• WHAT TO DO: For this exercise, return all the data word for word, with images left out.

---------- DATA ----------

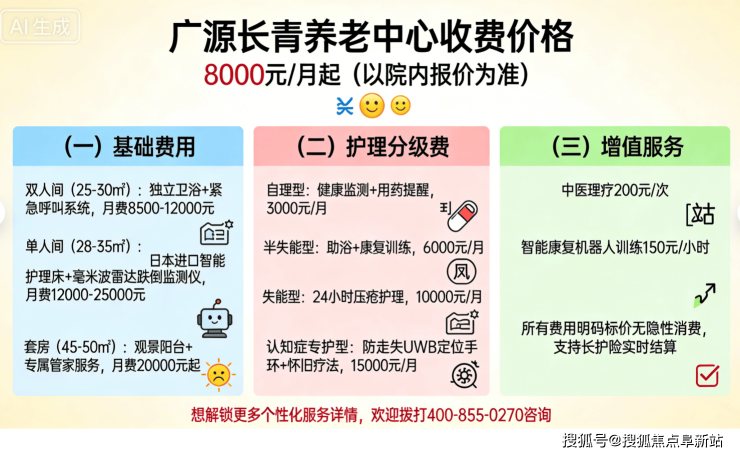 (一)基础费用8000元/月起:包含标准住宿(单人/双人)、24小时照护响应、每日三餐两点(营养定制)、房间清洁及基础文娱活动参与。
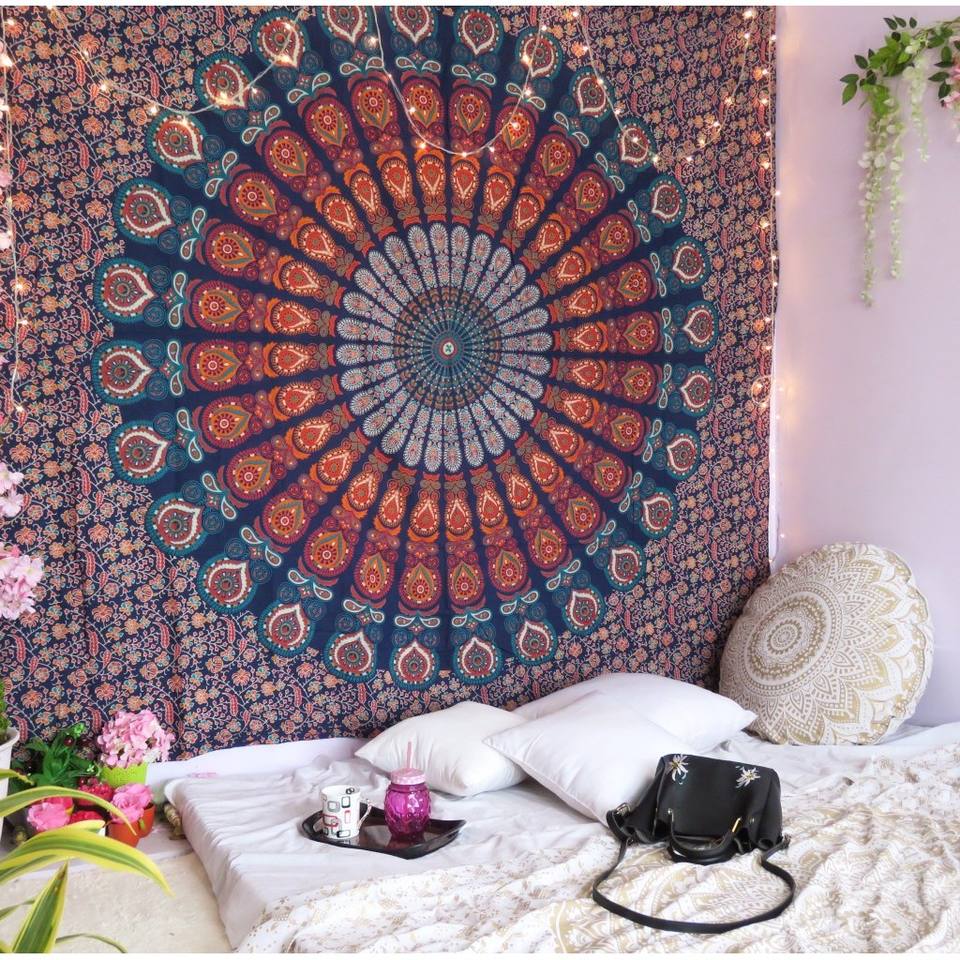 Handmade Macrame Hanging Tapestry HMS 92\" X 84\" Orange Purple Blue Mandala Design Woven Cotton for Home Decor Wall Hanging
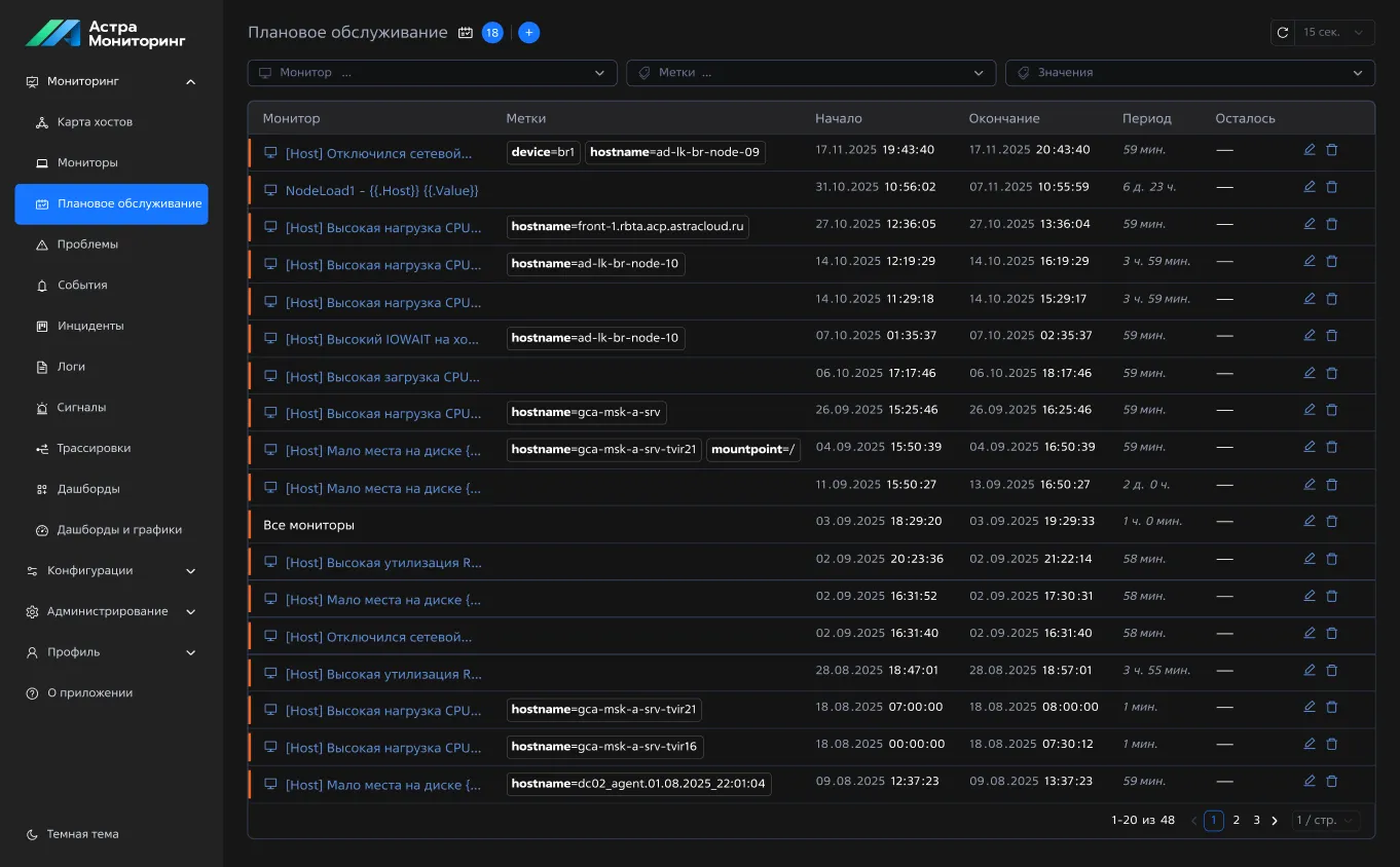 Настройка режима без уведомлений, отключение уведомления о конкретных хостах, правилах здоровья и даже тегах метрик

----------

• OUTPUT OF THE EXERCISE:
 (一)基础费用8000元/月起:包含标准住宿(单人/双人)、24小时照护响应、每日三餐两点(营养定制)、房间清洁及基础文娱活动参与。
 Handmade Macrame Hanging Tapestry HMS 92\" X 84\" Orange Purple Blue Mandala Design Woven Cotton for Home Decor Wall Hanging
 Настройка режима без уведомлений, отключение уведомления о конкретных хостах, правилах здоровья и даже тегах метрик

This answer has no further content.